- Task
Write out each record exactly as given, but do not include the pictures.

(Source data)
╔══
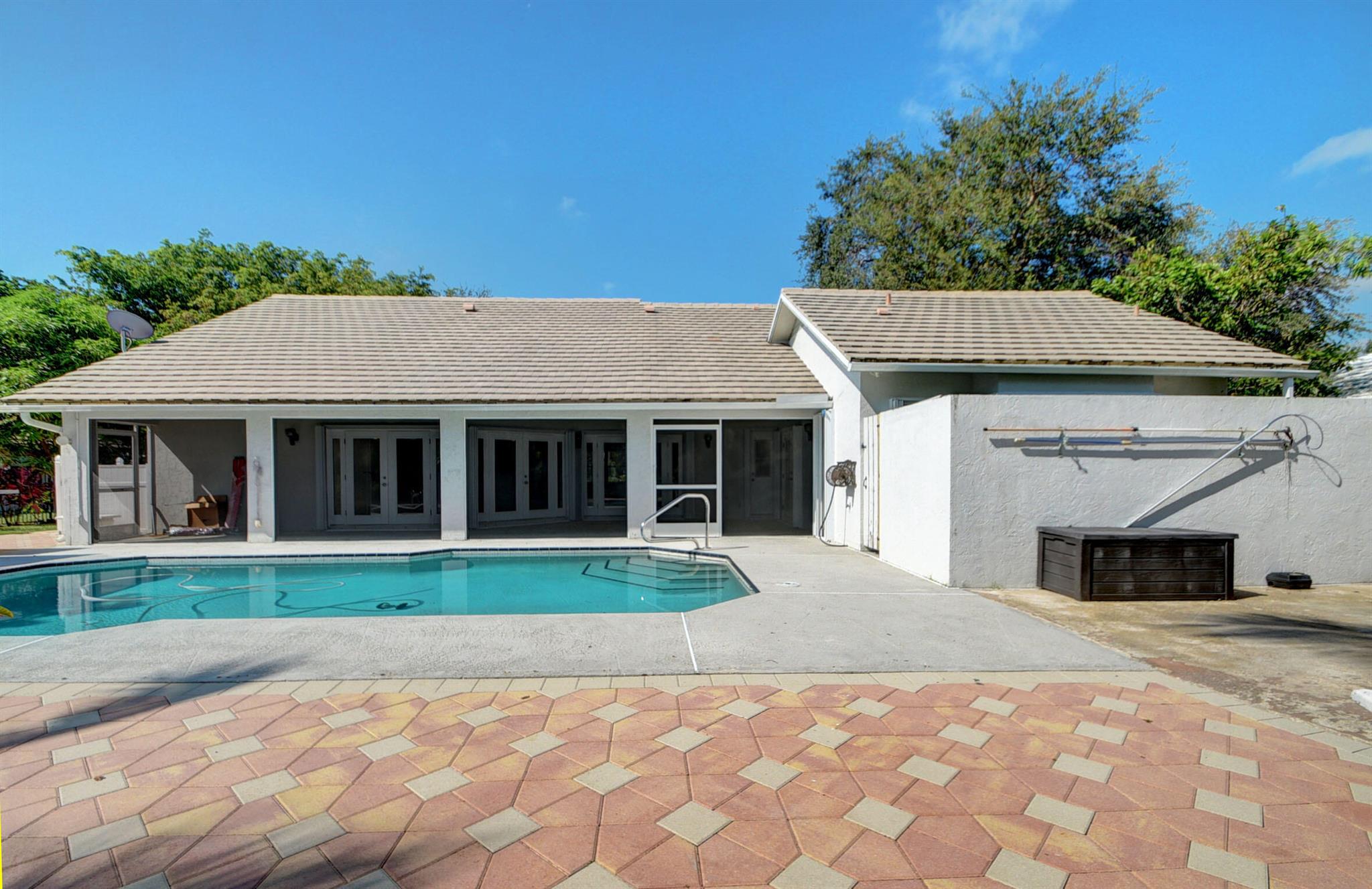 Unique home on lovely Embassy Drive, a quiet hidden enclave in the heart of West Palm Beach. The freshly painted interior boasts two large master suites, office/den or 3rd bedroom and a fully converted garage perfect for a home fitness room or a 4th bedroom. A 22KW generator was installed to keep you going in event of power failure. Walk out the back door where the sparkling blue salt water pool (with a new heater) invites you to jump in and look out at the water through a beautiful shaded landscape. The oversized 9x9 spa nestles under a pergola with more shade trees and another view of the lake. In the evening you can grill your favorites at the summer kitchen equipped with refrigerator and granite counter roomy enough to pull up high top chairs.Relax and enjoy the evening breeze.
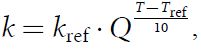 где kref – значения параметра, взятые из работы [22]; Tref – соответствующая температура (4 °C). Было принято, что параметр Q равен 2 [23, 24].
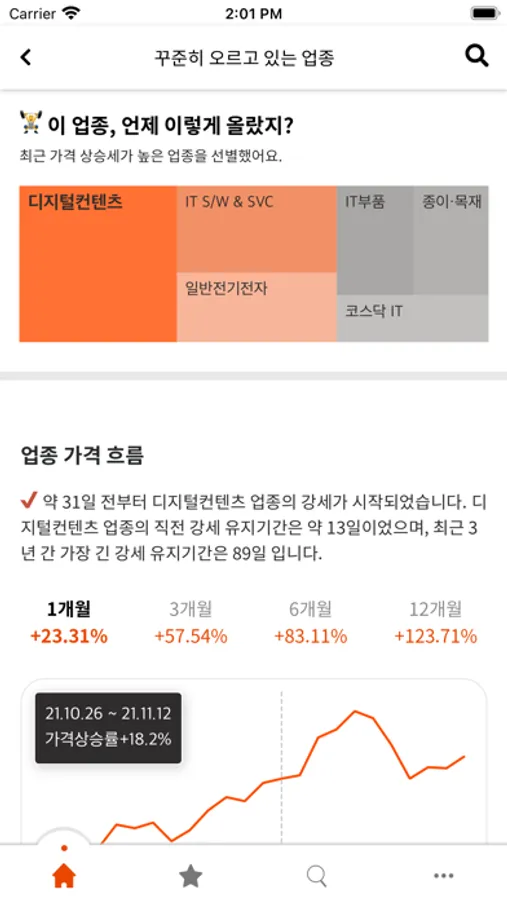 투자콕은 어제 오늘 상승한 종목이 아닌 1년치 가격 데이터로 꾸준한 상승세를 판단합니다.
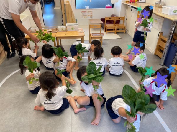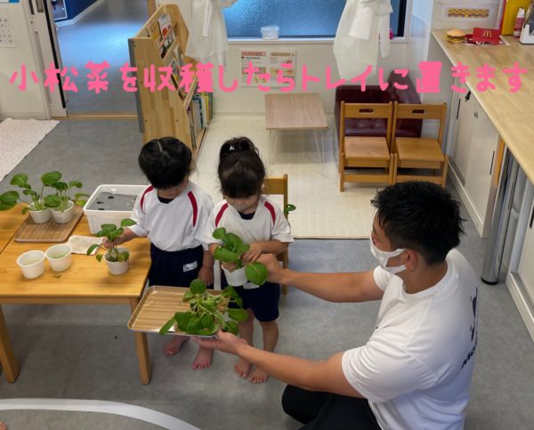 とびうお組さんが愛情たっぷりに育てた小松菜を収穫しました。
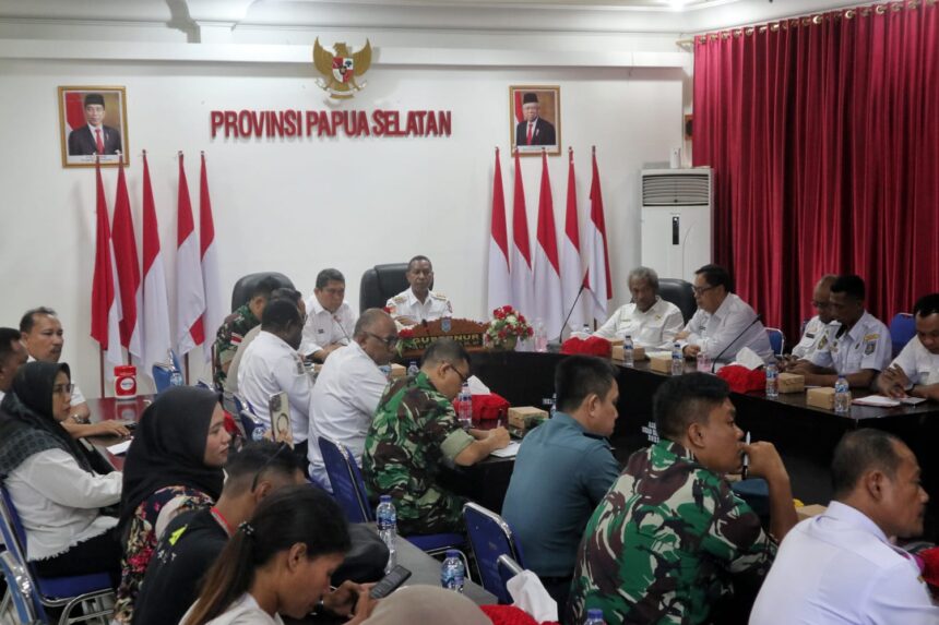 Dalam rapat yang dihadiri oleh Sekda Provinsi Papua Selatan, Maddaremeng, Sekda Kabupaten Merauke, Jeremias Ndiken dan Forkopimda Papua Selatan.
╚══
- Output of the task
 Unique home on lovely Embassy Drive, a quiet hidden enclave in the heart of West Palm Beach. The freshly painted interior boasts two large master suites, office/den or 3rd bedroom and a fully converted garage perfect for a home fitness room or a 4th bedroom. A 22KW generator was installed to keep you going in event of power failure. Walk out the back door where the sparkling blue salt water pool (with a new heater) invites you to jump in and look out at the water through a beautiful shaded landscape. The oversized 9x9 spa nestles under a pergola with more shade trees and another view of the lake. In the evening you can grill your favorites at the summer kitchen equipped with refrigerator and granite counter roomy enough to pull up high top chairs.Relax and enjoy the evening breeze.
 где kref – значения параметра, взятые из работы [22]; Tref – соответствующая температура (4 °C). Было принято, что параметр Q равен 2 [23, 24].
 투자콕은 어제 오늘 상승한 종목이 아닌 1년치 가격 데이터로 꾸준한 상승세를 판단합니다.
 とびうお組さんが愛情たっぷりに育てた小松菜を収穫しました。
 Dalam rapat yang dihadiri oleh Sekda Provinsi Papua Selatan, Maddaremeng, Sekda Kabupaten Merauke, Jeremias Ndiken dan Forkopimda Papua Selatan.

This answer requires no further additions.